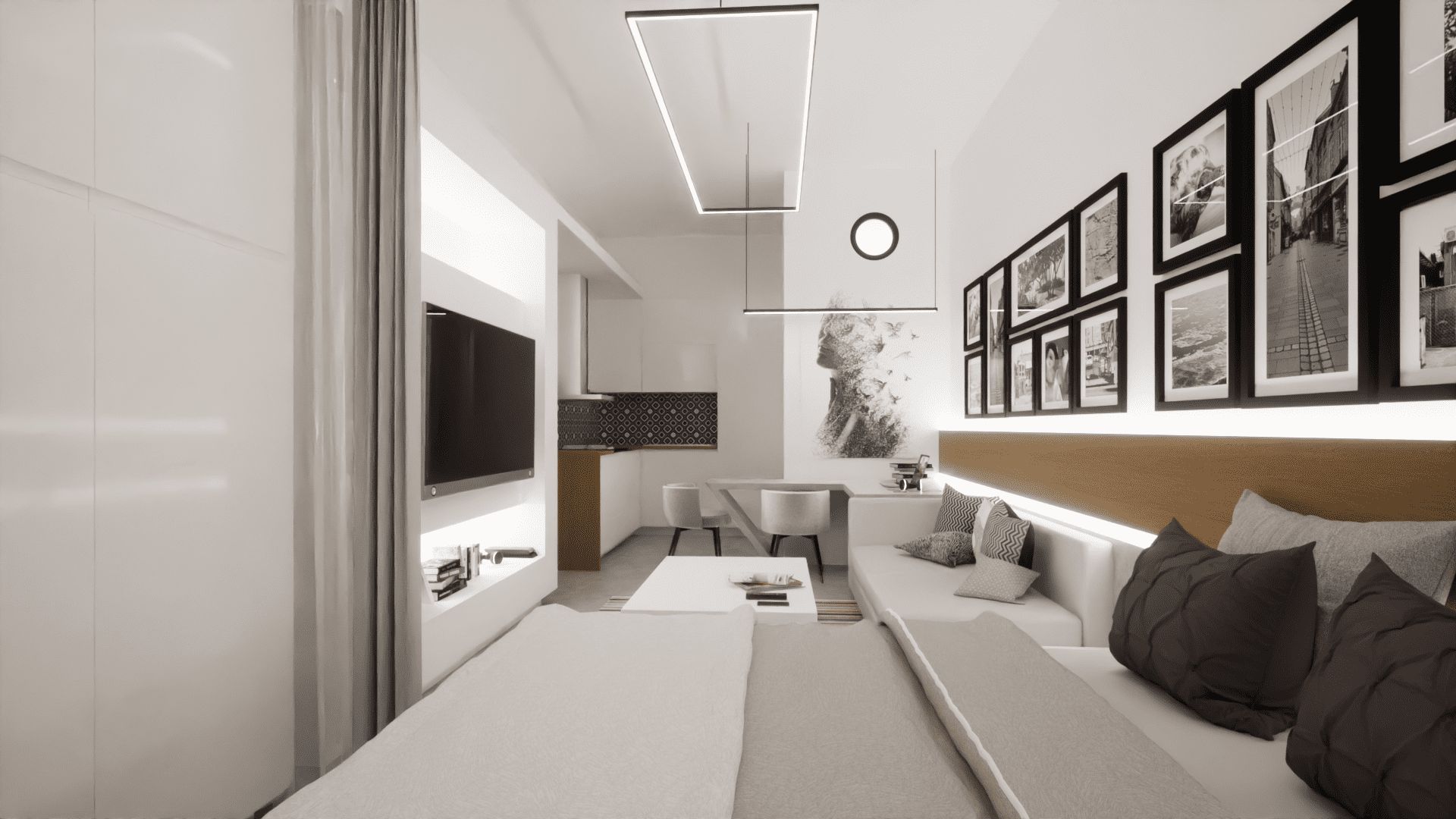 Με την πρότασή μας καταφέραμε να προσφέρουμε στους ιδιοκτήτες διαμερίσματα με ενιαίο και ευρύχωρο χώρο καθιστικού και κουζίνας , μια κρεβατοκάμαρα, 1 λουτρό και μεγάλες ευρύχωρες ντουλάπες.
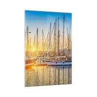Obraz na szkle - Zachód słońca nad mariną pełną żaglówek - 80x120cm - Wiatr też musi spać - Nowoczesna dekoracja ścienna do salonu i sypialni ARTTOR
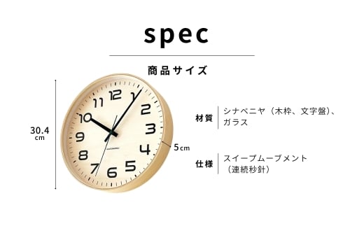 - plywood clock 23 (付属品:取扱説明書、保証書、単3電池、壁掛け用木ネジ) サイズ:Φ304×50mm 重量:800g 材質:シナベニヤ(木枠、文字盤)、ガラス 仕様:スイープムーブメント(連続秒針) ※こちらの製品は電波時計ではありません。 時刻合わせ:手動 色:ナチュラル
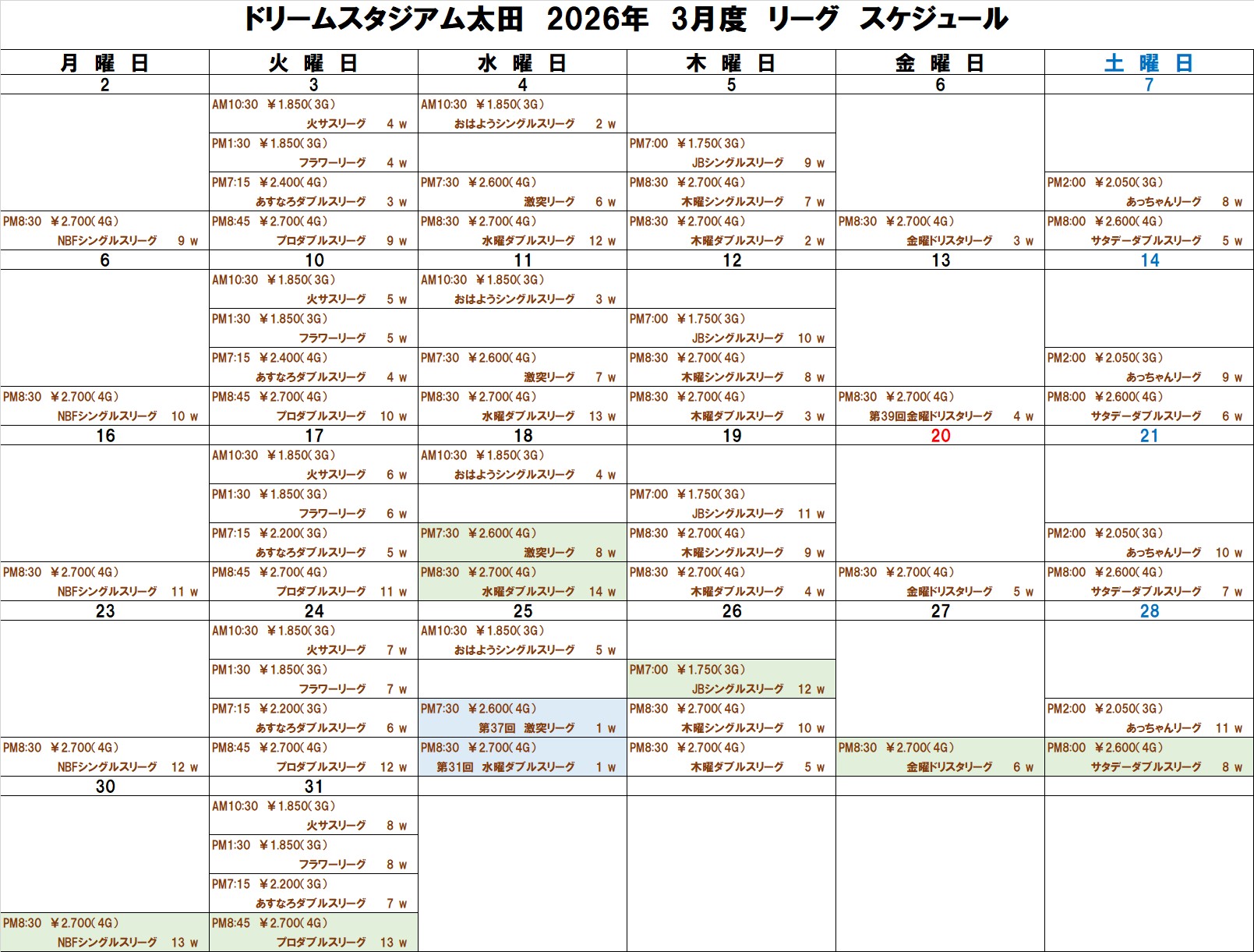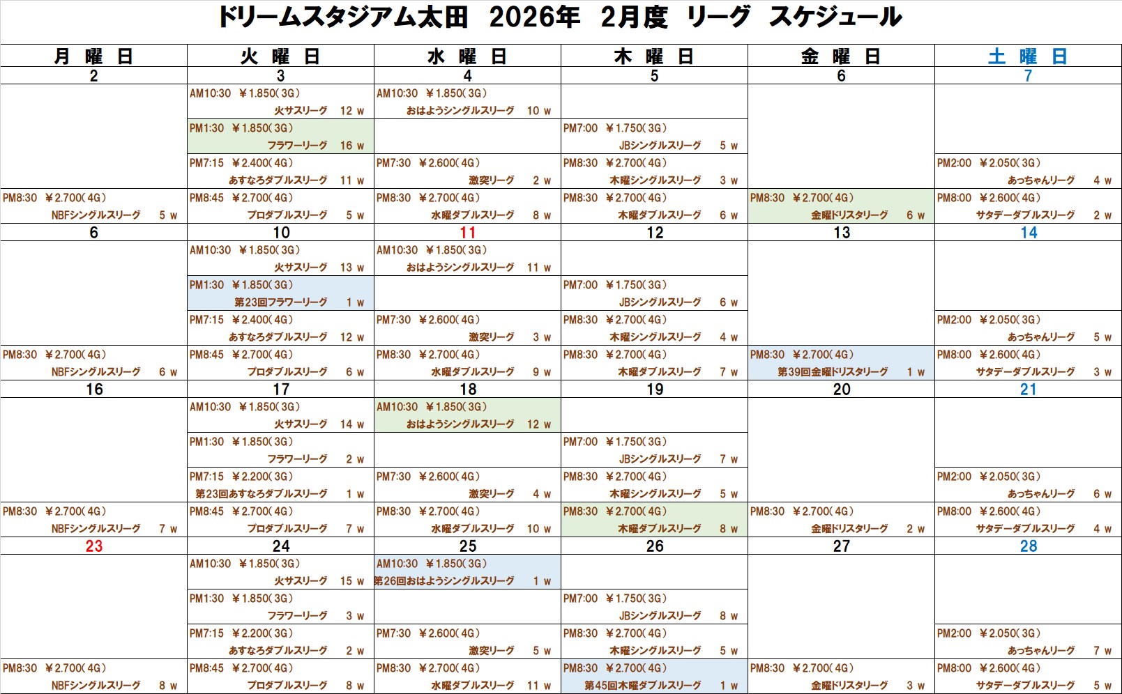 大会・リーグ・レッスン・貸切情報・ハウスコンディション
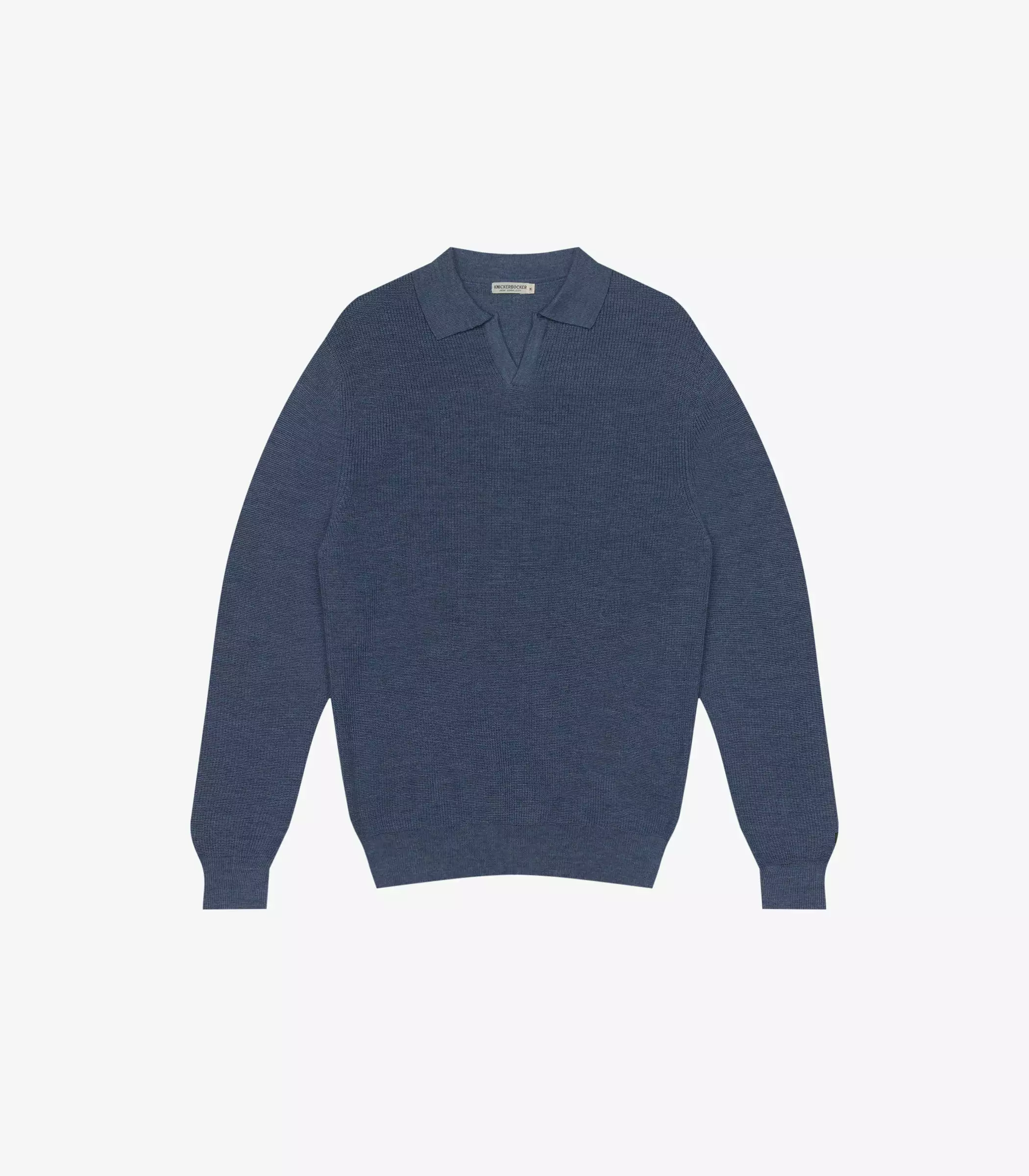 Made of an ultrafine merino wool sourced from Italy. Merino is a premium yarn known for retaining shape, air and warmth while maintaining high elasticity. The sweater features a Knickerbocker label sewn above the rib of wearer’s left sleeve.
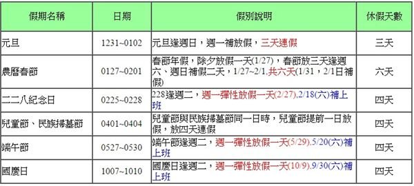 ▼明年連續假期一覽表。
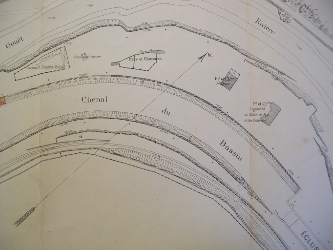 Plan de 'l'Île Sèche' devant le chenal du bassin, avec les bâtiments des Ponts-et-Chaussées, 1892 (AD 22)Immatriculation
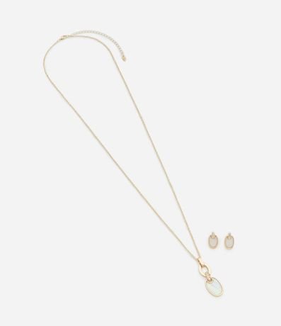 Ref: Conjunto de colar e par de brincos confeccionados em metal reciclado mais sustentável. São 02 peças: 01 colar com corrente fina e pingente oval claro, com brilho suave, preso por argola também dourada; 01 par de brincos pequenos, ovais, com borda contrastante e detalhe de pedrinhas brilhantes no topo. Conjunto delicado, elegante e fácil de usar no dia a dia.
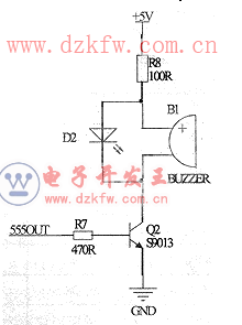 如下圖所示.三極管Q2基極輸入高電平時,管子飽和導通,驅動蜂鳴器B1及發光二極管D2進行聲光報警。
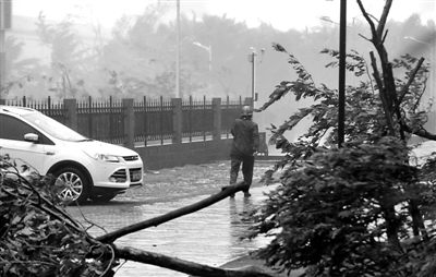 7月18日,强台风将海口市海甸岛的树木刮倒。
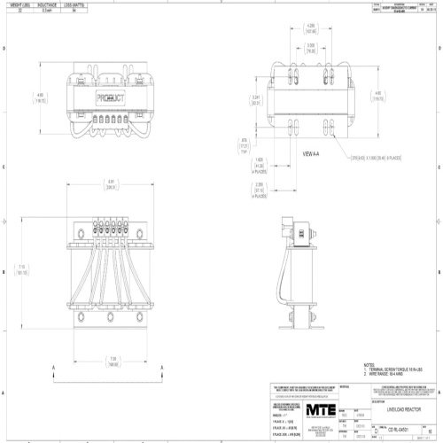 MTE RL-04501 RL Series Line/load Reactor - 208 Volt, 15 HP, 0.3mH, 45 Amp, Open
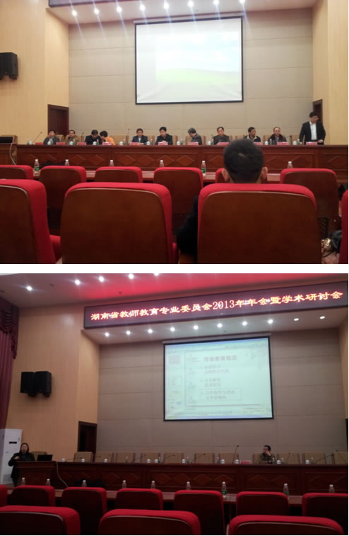 2013年11月23日,我系陈梦稀、曾晓洁两位老师参加了湖南省教师教育专业委员会年会。陈梦稀教授作为专业委员会副理事长在大会主席台就座,曾晓洁老师代表公司做《农村小学语文教师专业发展的瓶颈》报告。

_ _ _ _ _

▶ [WHAT IS EXPECTED]
Exactly as written, set down the lines from the line holding "7月18日,强台风将海口市海甸岛的树木刮倒。" to the last line of the data, both ends included, pictures excluded.

▶ [EXERCISE RESPONSE]
 7月18日,强台风将海口市海甸岛的树木刮倒。
 MTE RL-04501 RL Series Line/load Reactor - 208 Volt, 15 HP, 0.3mH, 45 Amp, Open
 2013年11月23日,我系陈梦稀、曾晓洁两位老师参加了湖南省教师教育专业委员会年会。陈梦稀教授作为专业委员会副理事长在大会主席台就座,曾晓洁老师代表公司做《农村小学语文教师专业发展的瓶颈》报告。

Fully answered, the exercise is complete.